How can I generate non-repetitive random numbers in numpy?

list = np.random.random_integers(20,size=(10))

numpy.random.Generator.choice offers a replace argument to sample without replacement:

from numpy.random import default_rng

rng = default_rng()
numbers = rng.choice(20, size=10, replace=False)

If you're on a pre-1.17 NumPy, without the Generator API, you can use random.sample() from the standard library:

print(random.sample(range(20), 10))

You can also use numpy.random.shuffle() and slicing, but this will be less efficient:

a = numpy.arange(20)
numpy.random.shuffle(a)
print a[:10]

There's also a replace argument in the legacy numpy.random.choice function, but this argument was implemented inefficiently and then left inefficient due to random number stream stability guarantees, so its use isn't recommended. (It basically does the shuffle-and-slice thing internally.)

Some timings:

import timeit
print("when output size/k is large, np.random.default_rng().choice() is far far quicker, even when including time taken to create np.random.default_rng()")
print(1, timeit.timeit("rng.choice(a=10**5, size=10**4, replace=False, shuffle=False)", setup="import numpy as np; rng=np.random.default_rng()", number=10**3)) #0.16003450006246567
print(2, timeit.timeit("np.random.default_rng().choice(a=10**5, size=10**4, replace=False, shuffle=False)", setup="import numpy as np", number=10**3)) #0.19915290002245456

print(3, timeit.timeit("random.sample( population=range(10**5), k=10**4)", setup="import random", number=10**3))   #5.115292700007558

print("when output size/k is very small, random.sample() is quicker")
print(4, timeit.timeit("rng.choice(a=10**5, size=10**1, replace=False, shuffle=False)", setup="import numpy as np; rng=np.random.default_rng()", number=10**3))  #0.01609779999125749
print(5, timeit.timeit("random.sample( population=range(10**5), k=10**1)", setup="import random", number=10**3))  #0.008387799956835806

So numpy.random.Generator.choice is what you usually want to go for, except for very small output size/k.

I think numpy.random.sample doesn't work right, now. This is my way:

import numpy as np
np.random.choice(range(20), 10, replace=False)

Years later, some timeits for choosing 40000 out of 10000^2 (Numpy 1.8.1, imac 2.7 GHz):

import random
import numpy as np

n = 10000
k = 4
np.random.seed( 0 )

%timeit np.random.choice( n**2, k * n, replace=True )  # 536 µs ± 1.58 µs
%timeit np.random.choice( n**2, k * n, replace=False ) # 6.1 s ± 9.91 ms

# https://docs.scipy.org/doc/numpy/reference/random/index.html
randomstate = np.random.default_rng( 0 )
%timeit randomstate.choice( n**2, k * n, replace=False, shuffle=False )  # 766 µs ± 2.18 µs
%timeit randomstate.choice( n**2, k * n, replace=False, shuffle=True )   # 1.05 ms ± 1.41 µs

%timeit random.sample( range( n**2 ), k * n )          # 47.3 ms ± 134 µs

(Why choose 40000 out of 10000^2 ? To generate large scipy.sparse.random matrices -- scipy 1.4.1 uses np.random.choice( replace=False ), slooooow.)

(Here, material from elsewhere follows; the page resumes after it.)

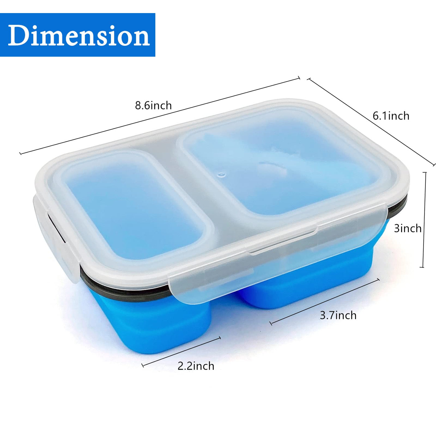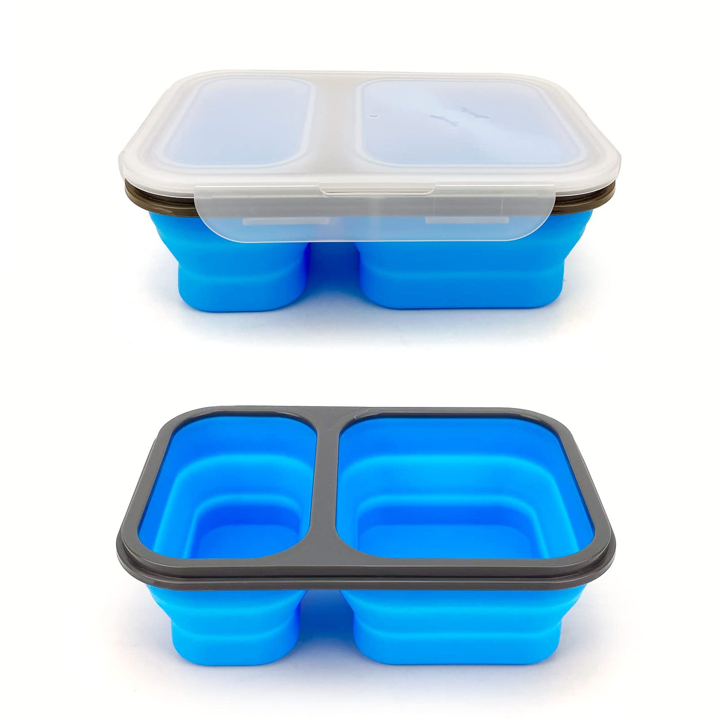 Lunbengo 2 Compartments Collapsible Airtight Bento Box With Ideal Portion 600Ml & 450Ml And 2 In 1 Spoon & Fork, Food Grade Sili

Tip of the hat to numpy.random people.

You can get this by sorting as well:

random_numbers = np.random.random([num_samples, max_int])
samples = np.argsort(random_numbers, axis=1)

Python set-list conversion can be used. 10 random non repetitive numbers between 0 and 20 can be obtained as:

import random
numbers=set()
while(len(numbers)<10):
    numbers.add(random.randint(0,20))

numbers=list(numbers)
random.shuffle(numbers)
print(numbers)

Simply generate an array that contains the required range of numbers, then shuffle them by repeatedly swapping a random one with the 0th element in the array. This produces a random sequence that doesn't contain duplicate values.